Stationnement: des citoyens dénoncent un règlement du Plateau

Deux citoyens du Plateau Mont-Royal, Simon Cadotte et Marie-Josée Cloutier, devront abandonner l’idée de se procurer une voiture électrique et d’installer une borne de recharge dans leur cour arrière.
Photo: Marie-France Coallier Le Devoir Deux citoyens du Plateau Mont-Royal, Simon Cadotte et Marie-Josée Cloutier, devront abandonner l’idée de se procurer une voiture électrique et d’installer une borne de recharge dans leur cour arrière.

Des résidents du Plateau-Mont-Royal estiment que l’arrondissement va trop loin avec son projet de règlement qui interdira l’aménagement de nouveaux stationnements dans les cours arrière des propriétés. Ils tenteront d’obtenir la tenue d’un référendum pour forcer les élus à reculer.

Simon Cadotte voulait s’acheter une voiture électrique pour remplacer son véhicule à essence. Afin d’éviter de devoir utiliser une borne de recharge publique dans la rue, il entendait installer une borne dans sa cour arrière.

Mais il devra vraisemblablement abandonner son projet en raison du règlement que compte adopter l’arrondissement du Plateau. Celui-ci interdira l’aménagement de nouveaux stationnements dans les cours arrière de manière à favoriser le verdissement et à rendre les ruelles plus sécuritaires.

Bien que ce règlement ne soit pas encore en vigueur, un moratoire s’est appliqué dès l’adoption du projet en première lecture le 5 mars dernier. Le Plateau-Mont-Royal est le premier arrondissement montréalais à décréter un tel interdit.

« Ce que je vais faire, c’est continuer d’utiliser mon véhicule à essence. Mais ce n’est pas logique. L’objectif est de diminuer la pollution », estime Simon Cadotte.
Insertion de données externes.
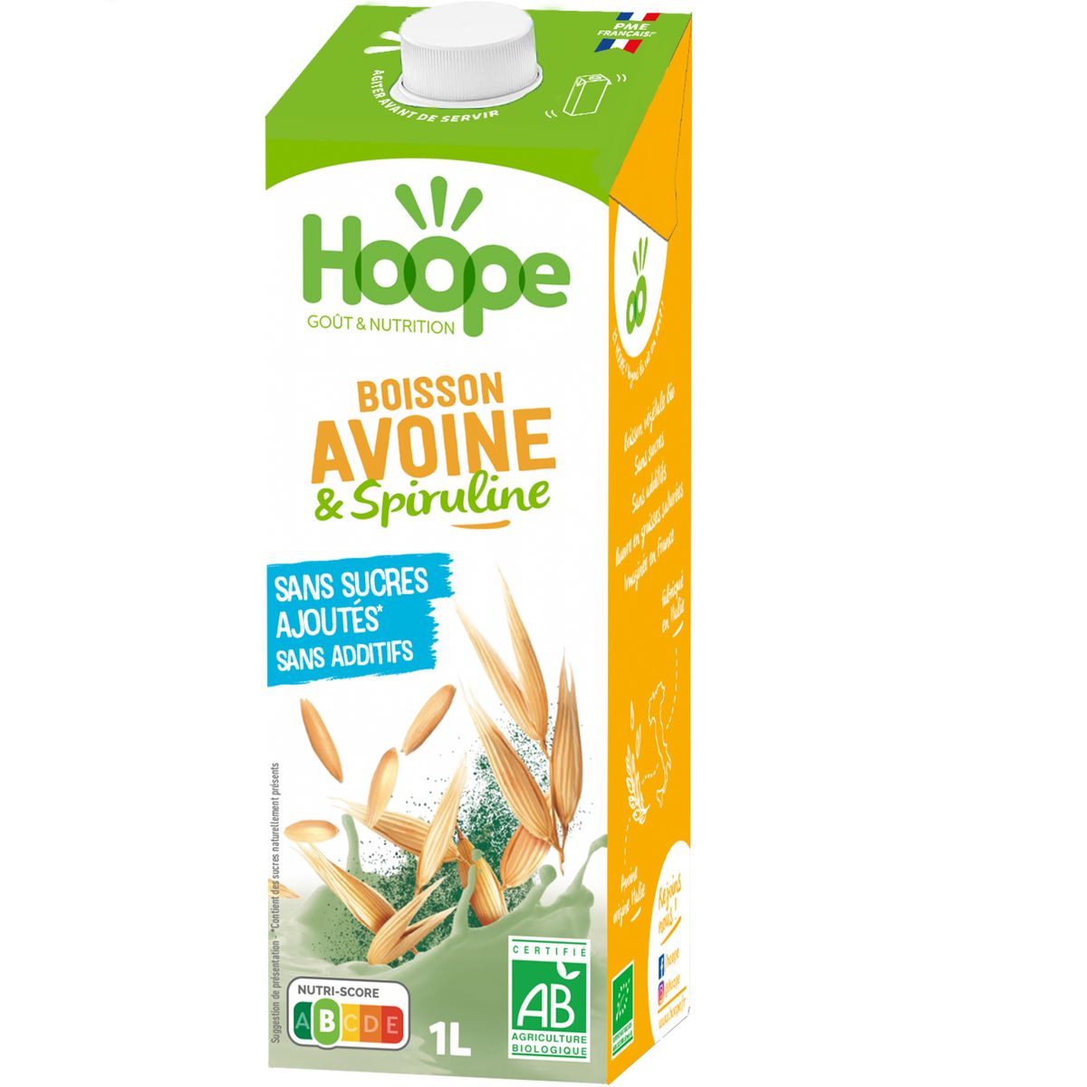 Ingrédients : Eau, Avoine* 13%, spiruline* 0,4%, huile de tournesol*, sel marin. *Ingrédients issus de l’agriculture biologique.

Réduire la dépense à l’automobile

Les élus du Plateau maintiennent le cap. « Le fait de réduire l’offre de stationnement est un des outils qu’on a pour réduire la dépendance qu’on a collectivement à l’automobile », a expliqué la conseillère Marianne Giguère aux citoyens venus dénoncer le règlement au conseil d’arrondissement lundi dernier. « On veut faire des ruelles des endroits sécuritaires, des milieux de vie où on peut envoyer nos enfants jouer sans s’inquiéter. »

Chaque année, l’arrondissement reçoit en moyenne 14 demandes de permis pour l’aménagement d’un espace de stationnement en arrière-cour. À l’heure actuelle, 40 % des cours du Plateau comportent un stationnement et celles-ci ne seront pas touchées par le règlement.

« Comment voulez-vous attirer les familles avec un tel règlement ? se demande Simon Cadotte. Moi, j’ai trois filles, dont une qui joue au hockey. Est-ce que je vais partir à vélo avec ma poche de hockey ? À 6 h le matin, il n’y a pas de transport en commun. »

Un autre résident, René Cormier, reproche à l’administration Ferrandez d’avoir omis de consulter les citoyens alors qu’elle l’a fait pour le terrain de l’ancienne station Esso de l’avenue du Mont-Royal.

Le maire Luc Ferrandez ne juge pas qu’une consultation où deux clans risquent de s’affronter est la formule la plus appropriée. « C’est une consultation qui, généralement, n’est pas productive. Le meilleur outil démocratique, c’est le référendum », a-t-il dit.

C’est justement vers cette option que se dirigent les citoyens mécontents. Ils ont jusqu’au 23 avril pour récolter 12 signatures de résidents par zone — l’arrondissement en compte des centaines — afin de forcer l’ouverture de registres. S’ils franchissent cette étape avec succès, l’arrondissement pourrait ouvrir un autre registre pour la tenue d’un référendum ou simplement retirer son règlement.